··· Exercise input

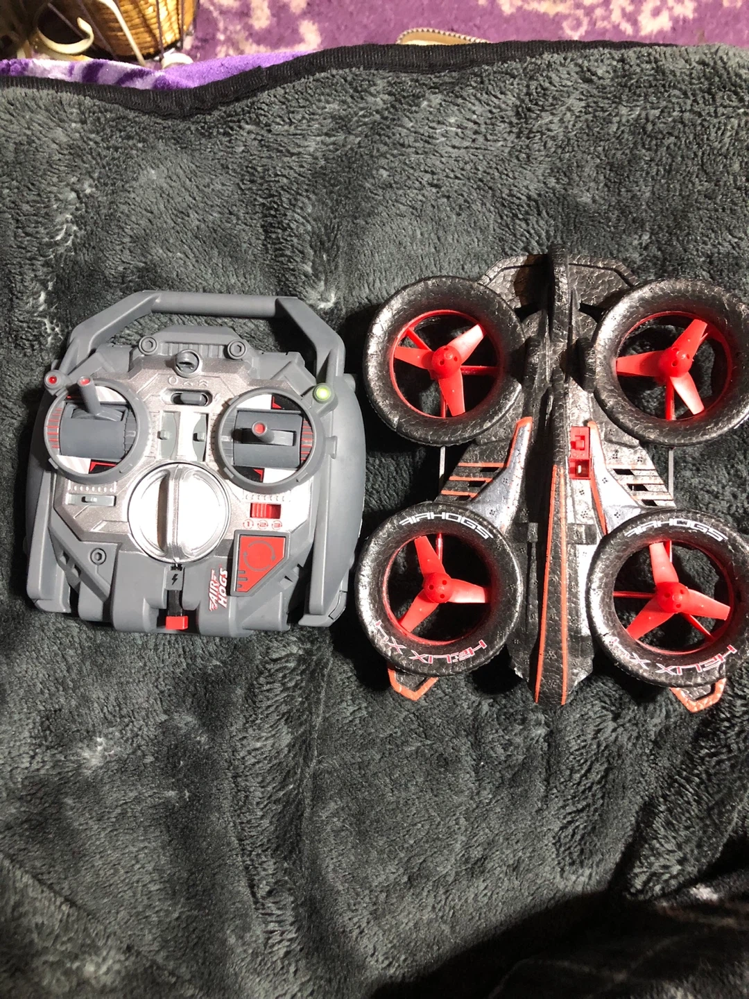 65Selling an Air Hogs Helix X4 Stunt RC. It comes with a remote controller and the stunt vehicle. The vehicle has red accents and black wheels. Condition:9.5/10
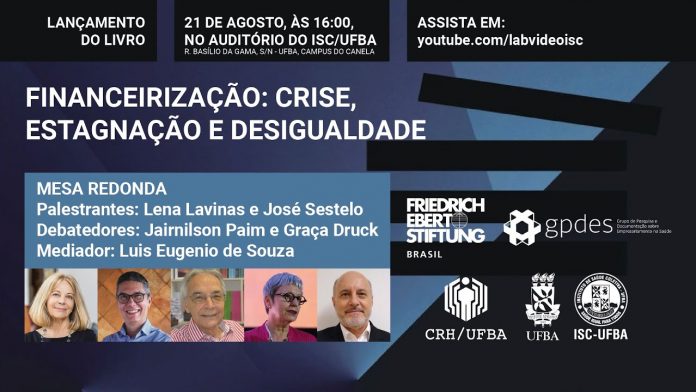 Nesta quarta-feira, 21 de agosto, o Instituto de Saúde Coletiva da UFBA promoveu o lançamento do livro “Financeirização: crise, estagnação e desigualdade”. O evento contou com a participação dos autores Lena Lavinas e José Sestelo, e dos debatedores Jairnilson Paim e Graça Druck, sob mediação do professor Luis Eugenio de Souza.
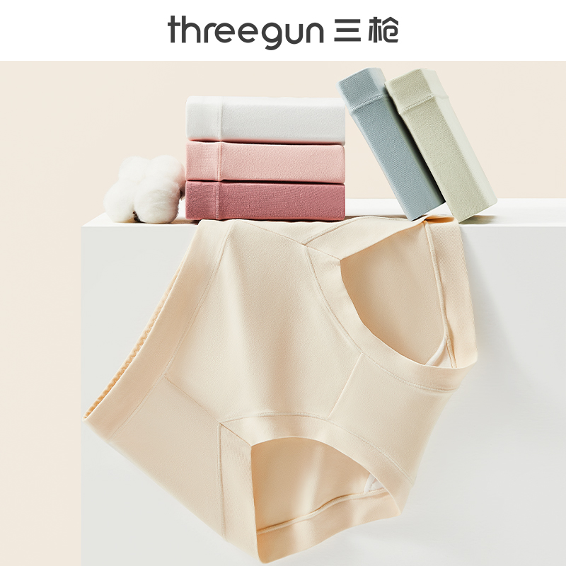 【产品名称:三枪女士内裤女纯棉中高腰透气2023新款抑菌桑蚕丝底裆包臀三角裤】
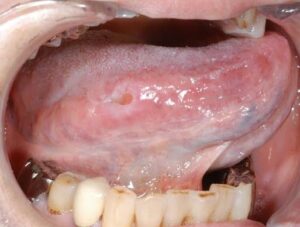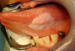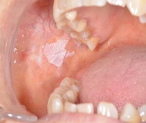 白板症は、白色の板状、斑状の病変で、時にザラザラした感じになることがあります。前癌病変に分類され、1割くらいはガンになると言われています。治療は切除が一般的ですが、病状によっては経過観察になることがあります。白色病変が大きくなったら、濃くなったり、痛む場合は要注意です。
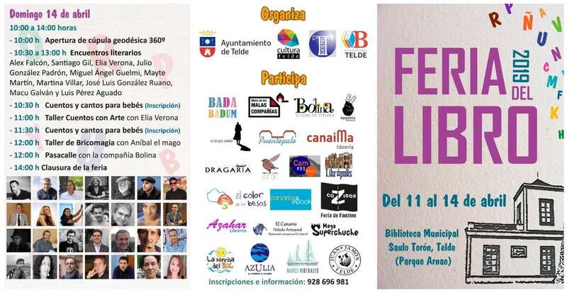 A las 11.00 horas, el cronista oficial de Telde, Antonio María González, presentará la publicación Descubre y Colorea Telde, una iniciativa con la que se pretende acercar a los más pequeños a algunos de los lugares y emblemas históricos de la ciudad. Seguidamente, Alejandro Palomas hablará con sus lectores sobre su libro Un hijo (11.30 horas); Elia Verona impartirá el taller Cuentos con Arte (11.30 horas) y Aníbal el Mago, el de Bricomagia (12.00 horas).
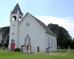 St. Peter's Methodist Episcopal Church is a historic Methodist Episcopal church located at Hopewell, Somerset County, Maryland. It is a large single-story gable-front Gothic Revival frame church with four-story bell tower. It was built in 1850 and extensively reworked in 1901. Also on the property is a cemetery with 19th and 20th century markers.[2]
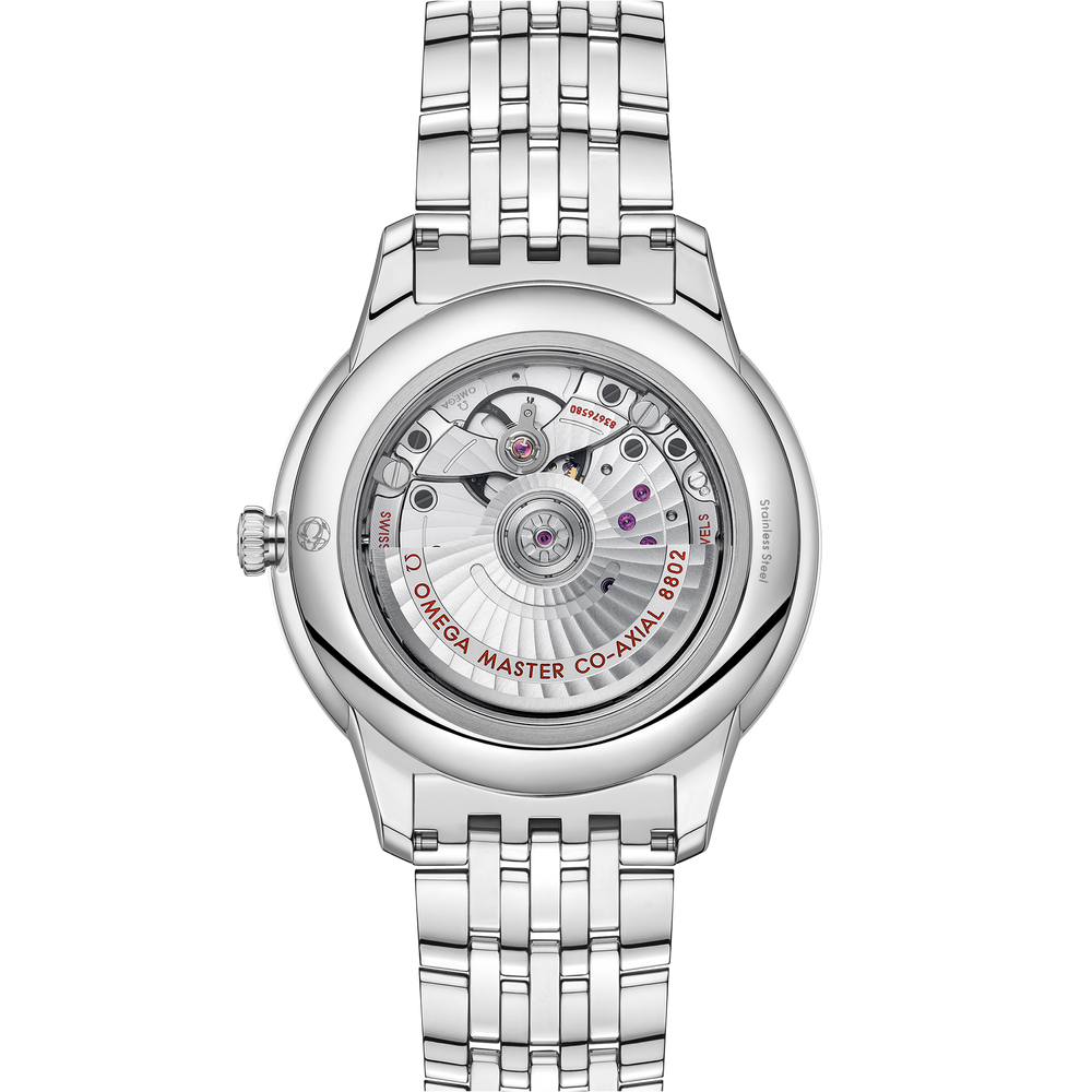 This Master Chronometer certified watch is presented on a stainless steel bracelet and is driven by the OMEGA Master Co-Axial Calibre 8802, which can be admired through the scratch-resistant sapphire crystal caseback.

······

Every line in the data above needs to be given again exactly, pictures aside.

 65Selling an Air Hogs Helix X4 Stunt RC. It comes with a remote controller and the stunt vehicle. The vehicle has red accents and black wheels. Condition:9.5/10
 Nesta quarta-feira, 21 de agosto, o Instituto de Saúde Coletiva da UFBA promoveu o lançamento do livro “Financeirização: crise, estagnação e desigualdade”. O evento contou com a participação dos autores Lena Lavinas e José Sestelo, e dos debatedores Jairnilson Paim e Graça Druck, sob mediação do professor Luis Eugenio de Souza.
 【产品名称:三枪女士内裤女纯棉中高腰透气2023新款抑菌桑蚕丝底裆包臀三角裤】
 白板症は、白色の板状、斑状の病変で、時にザラザラした感じになることがあります。前癌病変に分類され、1割くらいはガンになると言われています。治療は切除が一般的ですが、病状によっては経過観察になることがあります。白色病変が大きくなったら、濃くなったり、痛む場合は要注意です。
 A las 11.00 horas, el cronista oficial de Telde, Antonio María González, presentará la publicación Descubre y Colorea Telde, una iniciativa con la que se pretende acercar a los más pequeños a algunos de los lugares y emblemas históricos de la ciudad. Seguidamente, Alejandro Palomas hablará con sus lectores sobre su libro Un hijo (11.30 horas); Elia Verona impartirá el taller Cuentos con Arte (11.30 horas) y Aníbal el Mago, el de Bricomagia (12.00 horas).
 St. Peter's Methodist Episcopal Church is a historic Methodist Episcopal church located at Hopewell, Somerset County, Maryland. It is a large single-story gable-front Gothic Revival frame church with four-story bell tower. It was built in 1850 and extensively reworked in 1901. Also on the property is a cemetery with 19th and 20th century markers.[2]
 This Master Chronometer certified watch is presented on a stainless steel bracelet and is driven by the OMEGA Master Co-Axial Calibre 8802, which can be admired through the scratch-resistant sapphire crystal caseback.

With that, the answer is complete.